Study of the in vitro and in vivo metabolism of a novel synthetic cannabinoid PX-2 in human liver microsomes and zebrafish

Abstract

In vitro and in vivo metabolism of synthetic cannabinoid, N-(1-amino-1-oxo-3-phenylpropan-2-yl)-1-(5-fluropentyl)-1H-indazole-3-carboxamide (PX-2), has been studied based on human liver microsomes and zebrafish using ultra-high-performance liquid chromatography coupled with quadrupole Orbitrap high-resolution mass spectrometry (UHPLC-Q-Orbitrap HRMS).
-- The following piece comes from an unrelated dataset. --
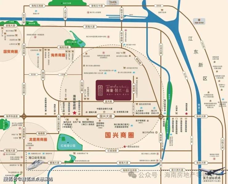 项目位于国兴商务生活圈,区域由三条城市干道(国兴大道、蓝天路、大英山西二街)及多维路网(五指山路、大英山一至五路)组成,接驳海秀快速路及两座立交桥(南大桥、海府桥)。

The dd-MS2 spectra technique is used to analysis metabolic sites and pathway by accurate mass measurement in the research process. An animal model of zebrafish in vivo metabolism is established to verify the in vitro metabolism pathway of PX-2. The results indicated that 20 kinds of metabolites were generated in the zebrafish animal model and human liver microsome model. Biotransformations mainly occurred at the amino of the compound, and minor reaction occurred at the pentyl chain and benzyl. We recommend M1.1 (PX-2 amide hydrolysis metabolites), and M3.1 (PX-2 oxidative defluorination and hydroxylation) combined M1.4 (PX-2 Phenylalanine loss) to be the potential poisoning markers.